CS177: Project 6 - Linear Cryptanalysis (20% of project score)
The goals of this project are:
The project is an individual project. It is due on Wednesday, June 10, 2020, 23:59:59 PST (no deadline extensions; late flags will not be accepted).
Linear cryptanalysis is a known-plaintext attack that was introduced by Matsui in 1993. An early target of this attack was the Data Encryption Standard (DES), but linear cryptanalysis turned out to be a powerful technique that worked against numerous other block ciphers as well. In response, most new block ciphers, including many of the candidates submitted for the Advanced Encryption Standard (AES) process were designed using techniques specifically targeted at thwarting linear cryptanalysis. This included the eventual winner and new AES standard, the Rijndael cipher.
The goal in this challenge is to leverage linear cryptanalysis to break a simple substitution-permutation network (SPN) cipher and recover the encryption key. The input to our block cipher are 16-bit plaintext blocks. The SPN takes each block and combines it with the 48-bit secret key, producing 16-bit ciphertext blocks as output.
A SPN takes a block of the plaintext and the key as inputs, and applies several alternating rounds of substitution boxes (S-boxes) and permutations to produce a ciphertext block. Substitution and permutation are two fundamental cryptographic operations that work together to create confusion and diffusion, so an attacker cannot figure out the key, even if they have access to both the unencrypted and encrypted versions of the message (this is called a plaintext-ciphertext pair), or many such pairs.
The diagram here shows an overview of our simple cipher, which has only two "rounds." We have a 48 bit master key K that is split into three 16 bit keys, K0, K1 and K2. Each plaintext message (P), which is input into the cipher, is 16 bits. Our cipher performs the following six steps.
You are given 512 pairs of plaintext and corresponding ciphertext. The ciphertext was created by encrypting the plaintext with your secret key. Once you have downloaded the plaintext/ciphertext pairs and used cryptanalysis to recover the key, you will submit the key to us and receive a flag. This flag should then be submitted as in previous assignments.
We have written a simple server that you can connect to and interact with via netcat (or a similar tool).
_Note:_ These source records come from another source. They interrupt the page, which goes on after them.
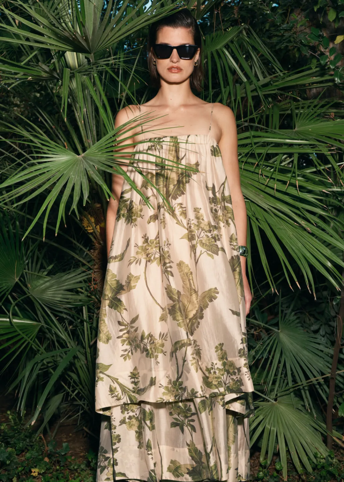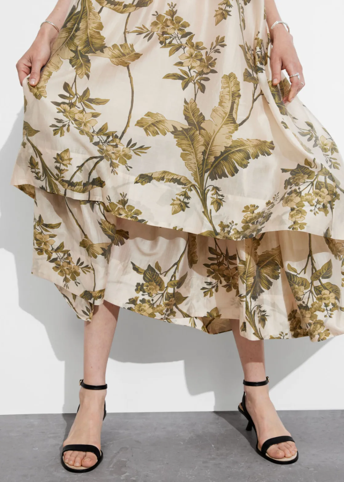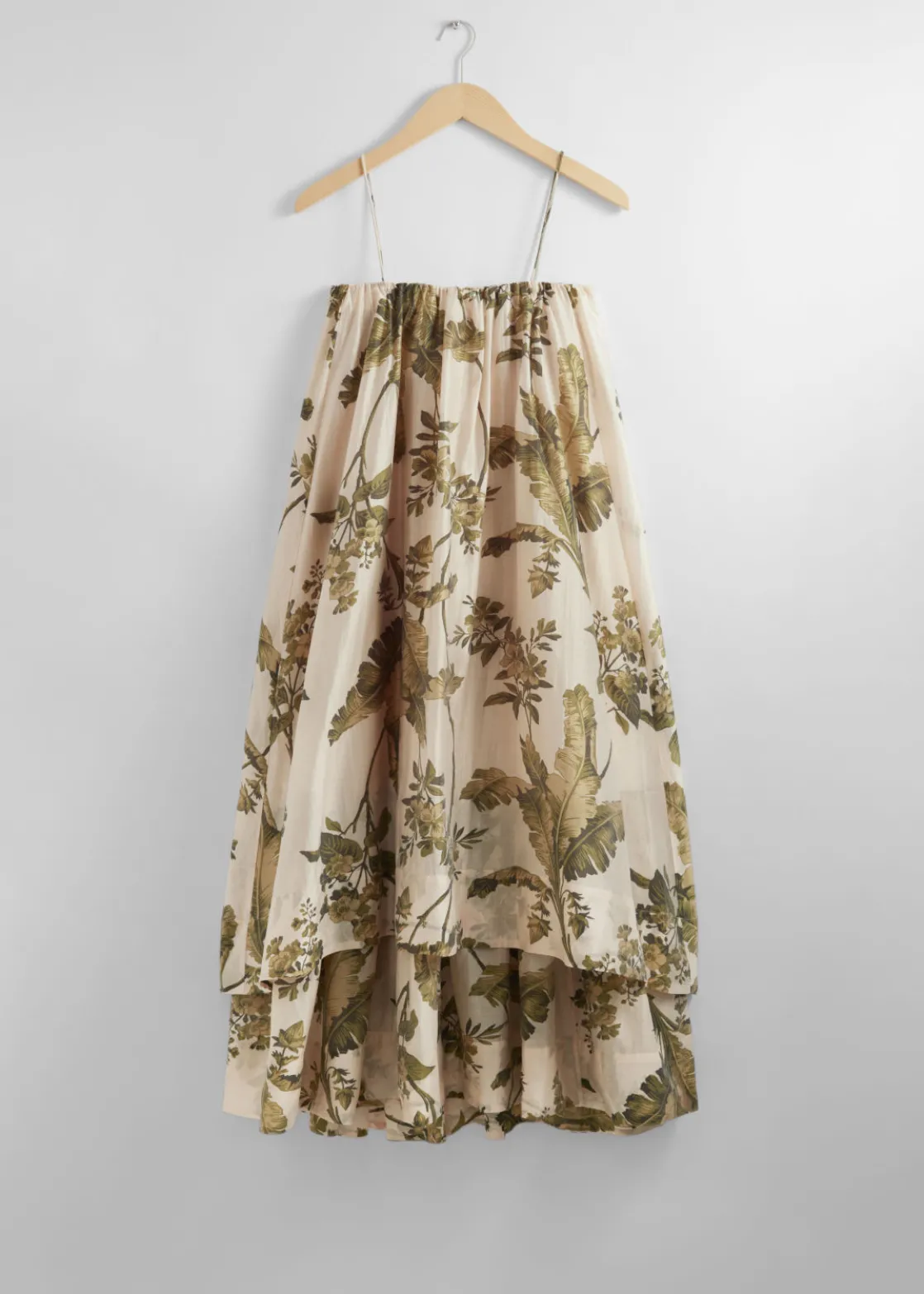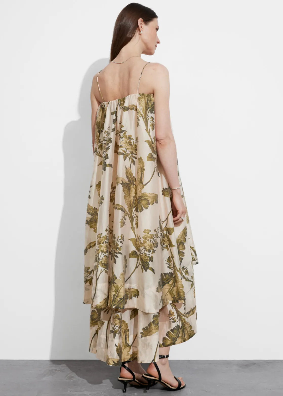 A-line midi dress featuring a layered silhouette and spaghetti shoulder straps.
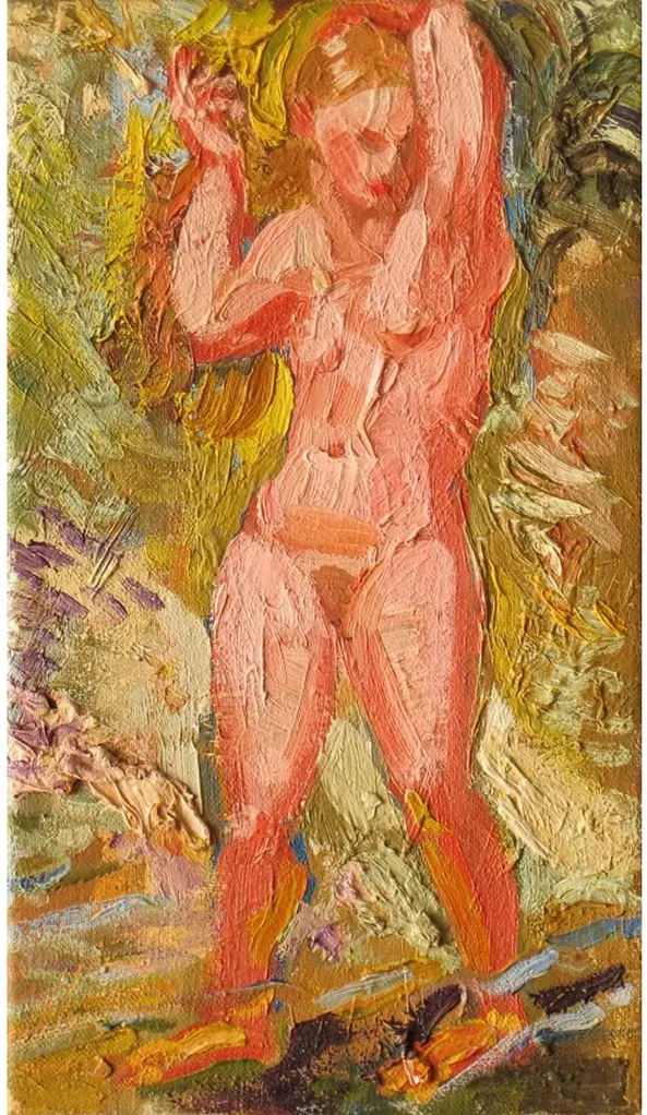 Nude – Expressive and Bold Figurative Painting in Warm Hues, 2024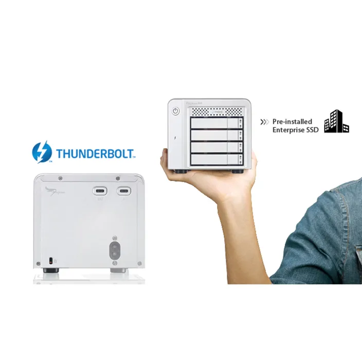 Der Pegasus M4 kombiniert die robuste PromiseRAID-Engine - bekanntfür Stabilität und hohe Leistung - mit dem hohen Thunderbolt™-Durchsatz in einem kompakten SSD-Gehäuse mit vier Einbauschächten. Der M4 eignet sich perfekt für kreative Medienprofis unterwegs.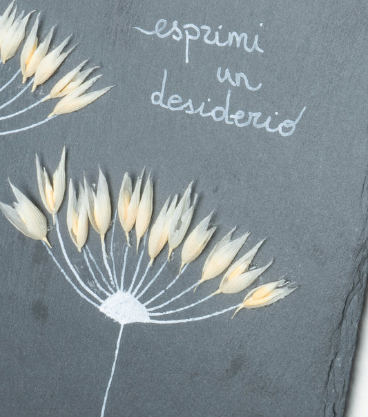 Lavagnetta "esprimi un desiderio" in ardesia con Soffioni ed Avena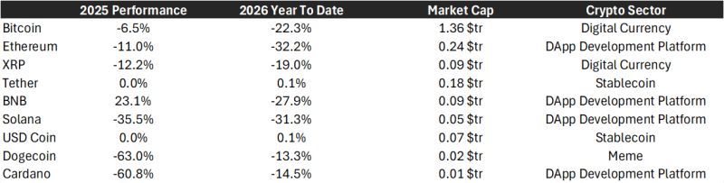 Bitcoin ha inoltre recuperato quota di mercato e sovraperformato Ethereum secondo un riepilogo della performance del 2026. Ethereum, insieme alla maggior parte delle valute legate alle piattaforme DApp – blockchain che supportano applicazioni decentralizzate come smart contract, protocolli DeFi e servizi digitali senza intermediari – e alle meme coin – criptovalute nate spesso come fenomeni virali o comunitari, con valore fortemente influenzato dal sentiment – continua a essere percepito come un asset più speculativo.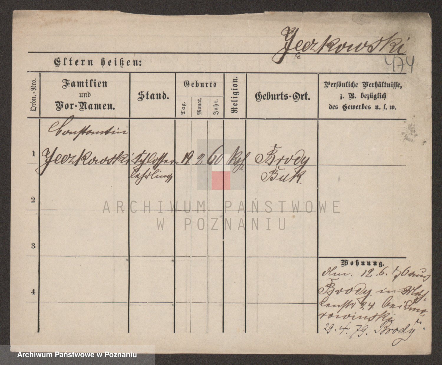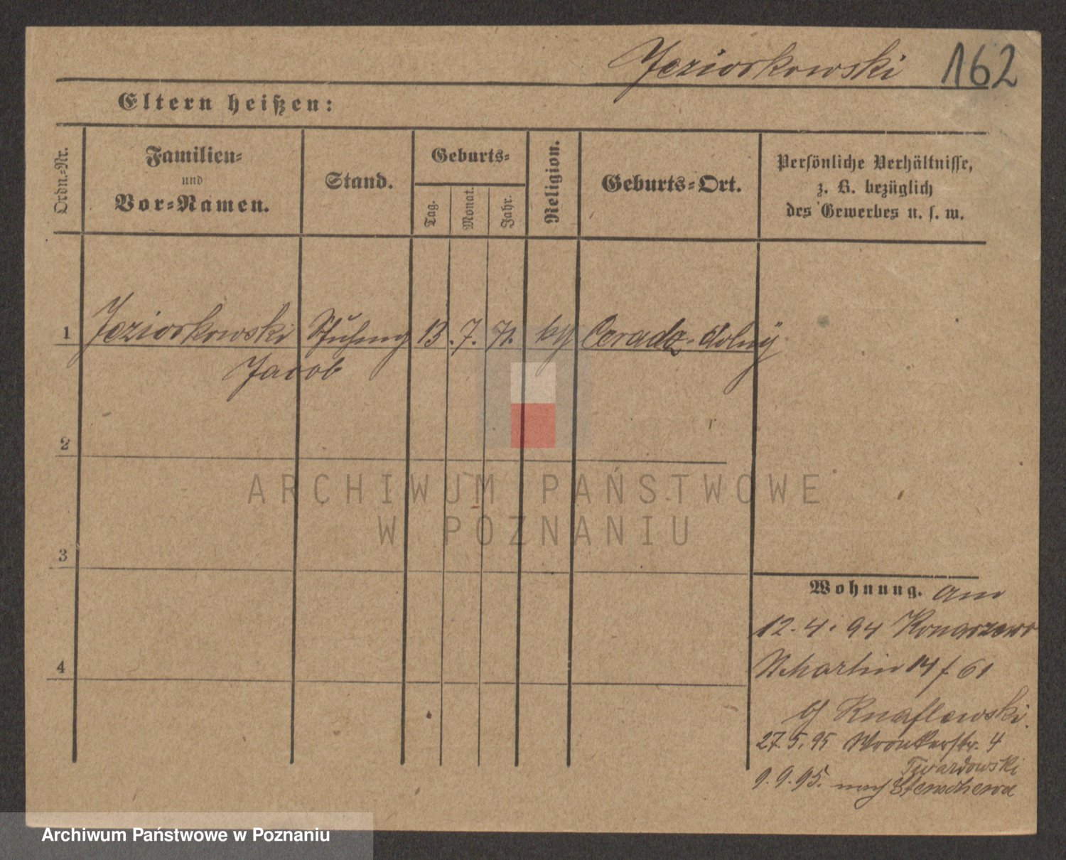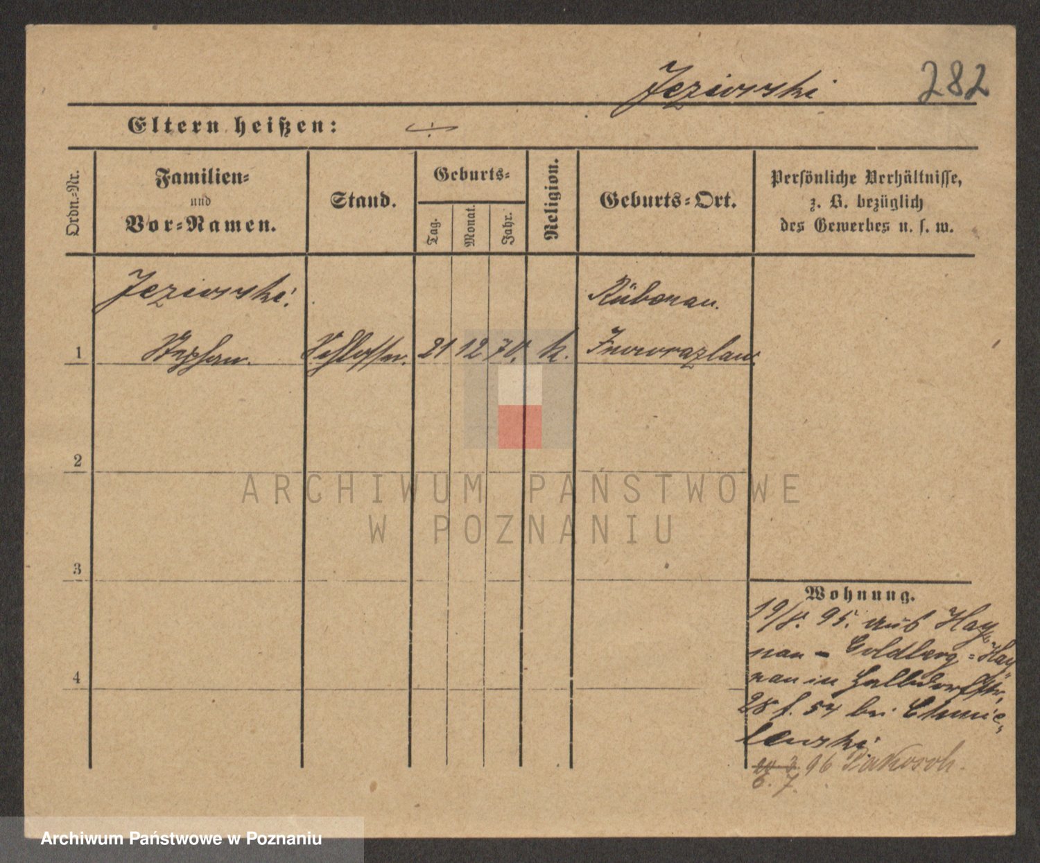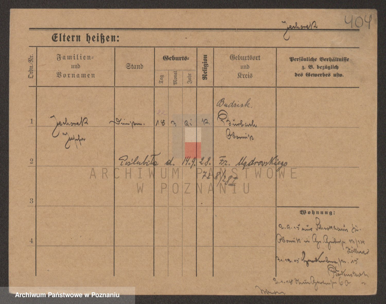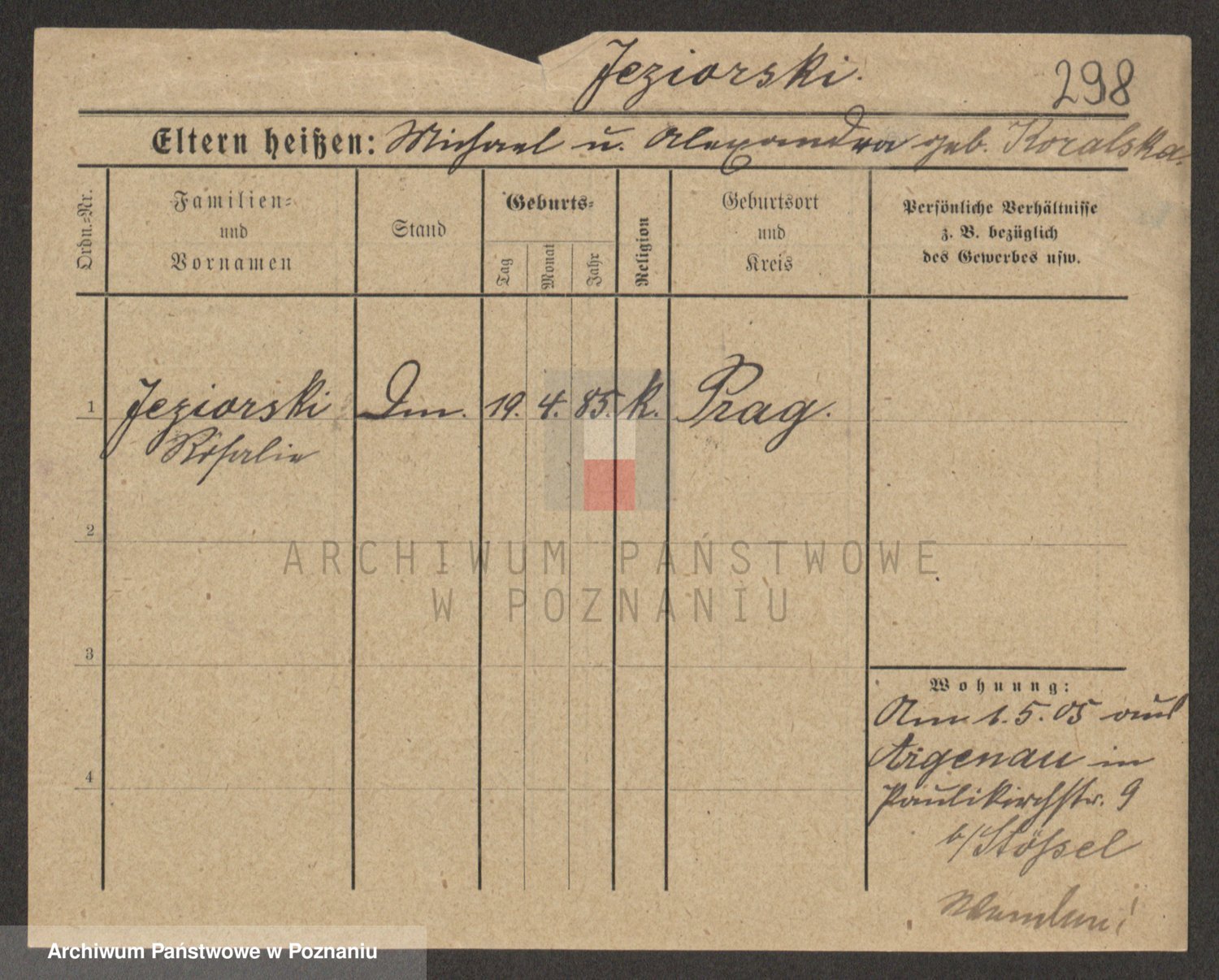 Podgląd karty osobowej dostępny jest po kliknięciu na nazwisko lub ikonkę karty. Można dokonywać powiększenia (ikony na górze) lub przechodzić między kolejnymi skanami (strzałki po bokach).

Basically, use netcat (nc) to connect to the port that is given to you when you spin up your instances via CTFd. There, you will find a simple text-based menu that allows you to perform three operations:
If you have not done much cryptanalysis in the past, breaking a 48-bit key with a "reasonable" (but extremely simple) block cipher might seem like a daunting task. In addition to reviewing the lecture material, I also recommend this tutorial on linear cryptanalysis.
You are given a large set of plaintexts that were encrypted by the SPN and the resulting ciphertexts. These were all encrypted using the same key. With a great SPN, like AES, having these pairs wouldn't help you recover the key, but with the SPN in this homework these pairs give you everything you need to know to break it. By analyzing this many pairs you can identify a relationship between the plaintexts and their ciphertexts that will allow you to reconstruct the key.
The goal of an SPN is to hide linear relationships between the plaintext and ciphertext, by performing many rounds of substitutions and permutations. The linear relationships most people are familiar often look like y = ax + b. A linear equation can have any number of unknown variables, what makes it linear is that each variable is only multiplied by a constant (rather than by other variables or itself). For instance x + y + z = 0 is also a linear equation. Here, if we find enough equations that relate x, y and z, we could determine their values. In the same vein, if we have enough linear equations that have bits of the key as our unknown variables, we can determine the key.
But in our case the linear relationships look slightly different. It's an exclusive-or (XOR ⊕) of individual bits. XOR is equivalent to addition in modulo 2, and of course addition is linear.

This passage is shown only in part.